# MATERIAL PROVIDED:
····················

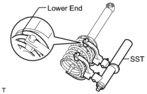Install the coil spring so that the end comes to the stepped portion of the coil spring insulator lower.
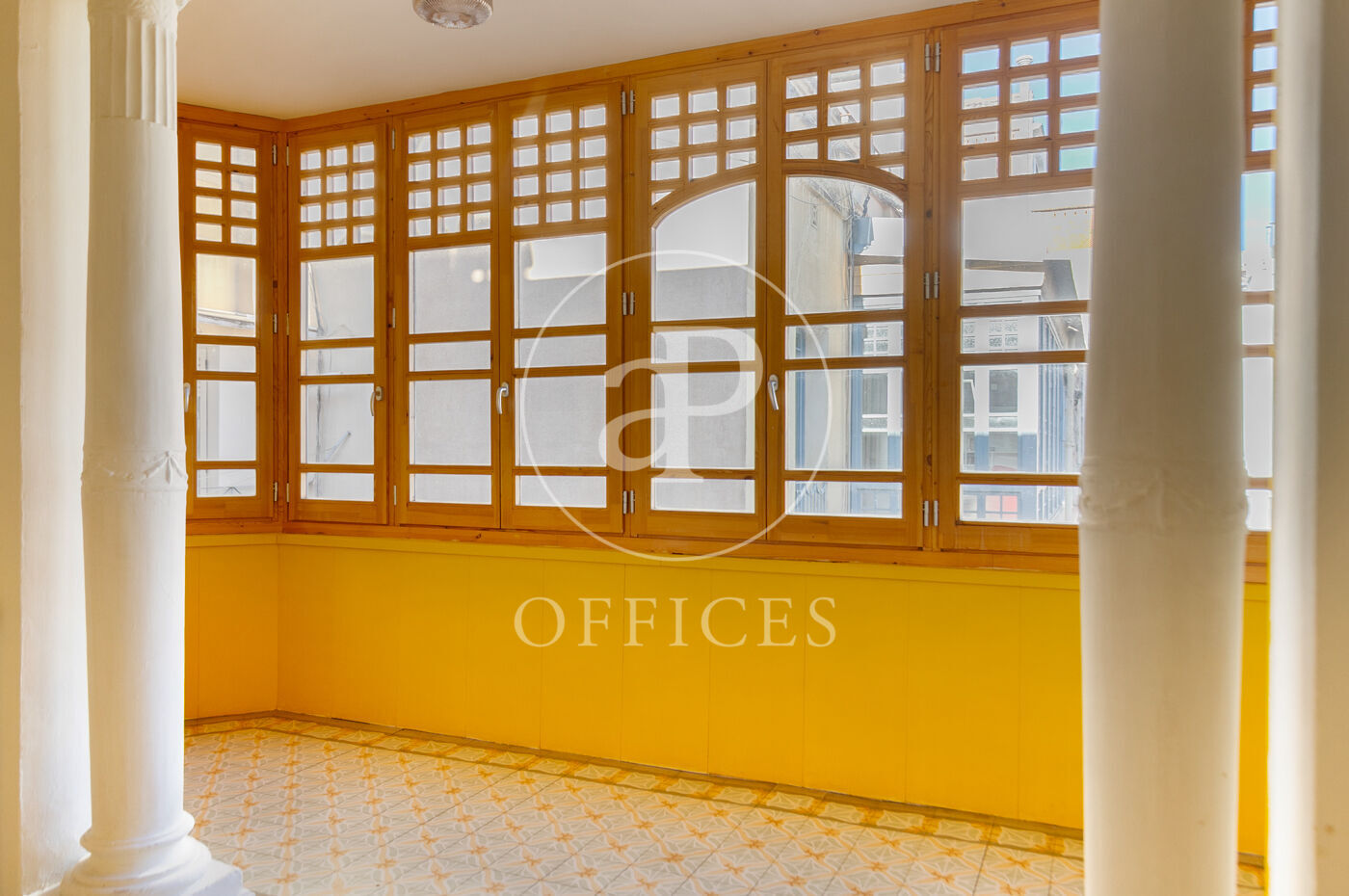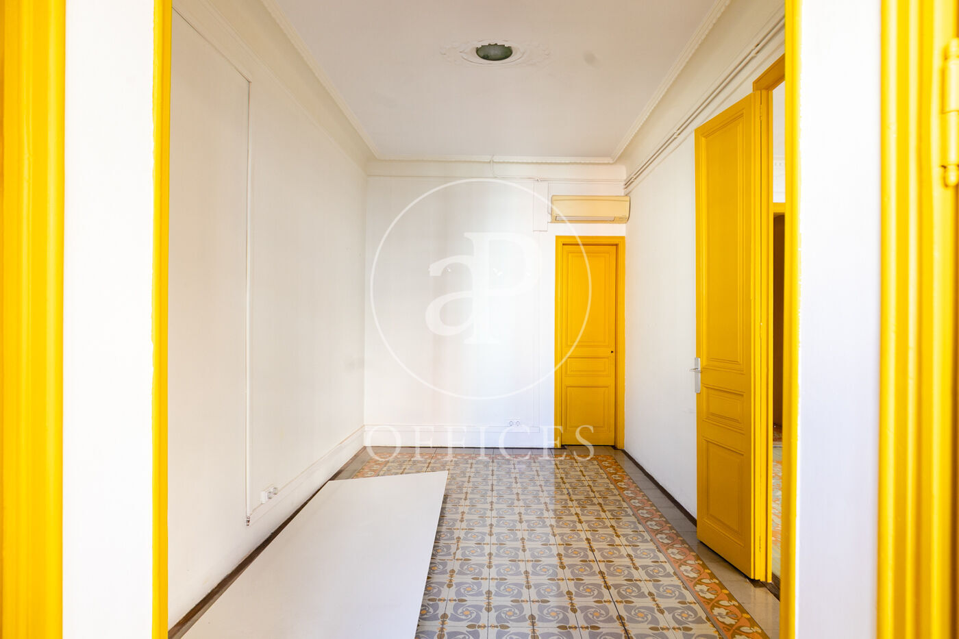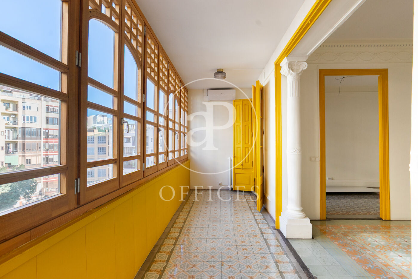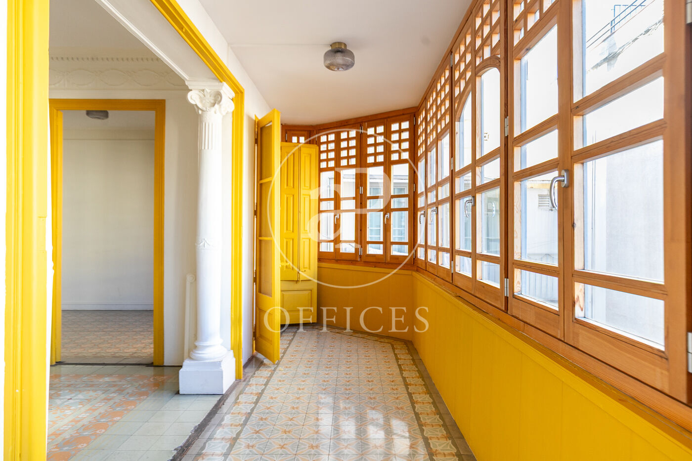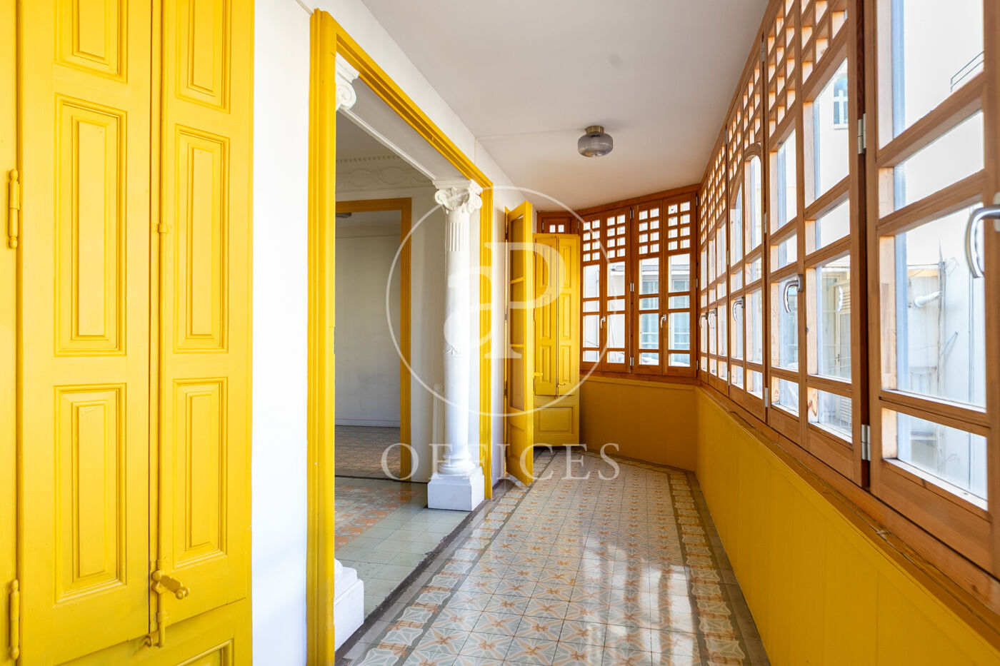 Con una superficie construida de 156 m², la oficina conserva el encanto original del edificio, destacando elementos propios de la arquitectura modernista como techos altos con molduras, suelos de mosaico hidráulico y otros detalles arquitectónicos de carácter singular.
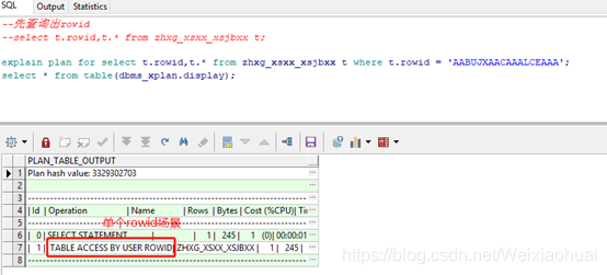 explain plan for select t.rowid,t.* from zhxg_xsxx_xsjbxx t where t.rowid = 'AABUJXAACAAALCEAAA';

····················

# PROBLEM REQUIREMENTS:
Restate the material above word for word, dropping the pictures.

# WRITTEN RESPONSE:
Install the coil spring so that the end comes to the stepped portion of the coil spring insulator lower.
 Con una superficie construida de 156 m², la oficina conserva el encanto original del edificio, destacando elementos propios de la arquitectura modernista como techos altos con molduras, suelos de mosaico hidráulico y otros detalles arquitectónicos de carácter singular.
 explain plan for select t.rowid,t.* from zhxg_xsxx_xsjbxx t where t.rowid = 'AABUJXAACAAALCEAAA';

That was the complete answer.